Yanis Varoufakis (‘A European War Union?’) also screams ‘PASS!’ in arguing “the main difference of opinion between pro-EU political forces concerned whether Europe’s continental consolidation ought to proceed by Hamiltonian means (debt mutualization precipitating the emergence of a proper federation) or in the original intergovernmental way (gradual market integration)” – but now it’s to be “unproductive” war. Yet Hamilton’s economic strategy was to build a US navy, and: “So vital were supplies to national security that Hamilton did not rule out government-owned arms factories. The godfather of American industrial policy realized that market forces, while they could bring many benefits, could not be relied upon for all of the country’s needs. Knowing that international trade was vital to the early republic, Hamilton advocated for a strong navy to protect American shipping when writing: “The want of a Navy to protect our external commerce, as long as it shall Continue, must render it a peculiarly precarious reliance, for the supply of essential articles, and must serve to strengthen prodigiously the arguments in favour of manufactures.””
Relatedly, the shortlist for Trump’s National Security Advisor is down to Grenell and Colby. In either case, that’s ‘Si Vis Pacem, Para Bellum’ on steroids; and an immediate shift in US arms away from Europe towards Asia.

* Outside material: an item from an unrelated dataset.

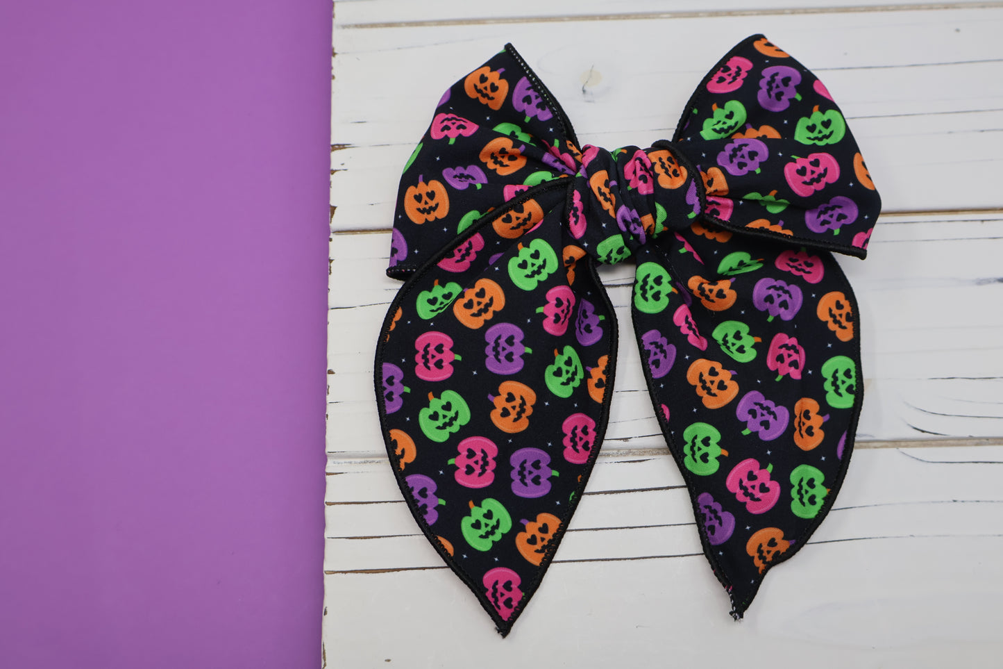 LIGHT UP Bright Pumpkins XL Remi Bow (Alligator Clip Only)

That smells like over a trillion in new annual western defence spending could come to pass, even if markets don’t have the nose for it.
Meanwhile, Columbia University sees either 1938 or 1968 style scenes, showing political polarization and volatility are domestic as well as international, and the two are linked.
All of this would have been enough for one Global Daily, but I was inspired by John Authors’ Passover-themed article yesterday to ask just one, not four questions: why is this global market cycle unlike all other global market cycles?
Let’s answer Seder style, to four different children: the wise, the wicked, the simple, and the one who doesn’t know how to ask:
- The wise child asks: “What are the testimonies, statues, and laws of global market cycles laid down by history and different disciplinary approaches?” You can talk to them about long-run cycles, peace and war phases, and huge fiscal deficits centrality in all of this.
- The wicked child asks: “What does this all mean to you?” Because they are too busy shilling ridiculously large Fed cut forecasts, and/or low bond yields, and/or high equities.
- The simple child asks: “What does this mean?” To which a simple summary is: “Free markets brought us out from the bondage of authoritarianism and war; and then led us back there.”
- The child who does not know how to ask is to be told adults need to ask difficult questions about this cycle “because of what markets did for us in the West when they were free to be efficient *and* boost Western national security”.
You can opt to let all this pass over you if you want. But don’t be surprised if you then look rather ‘unleavened’ compared to others who are prepared to ask, and honestly answer, difficult questions about our very troubling, far-from-BAU backdrop.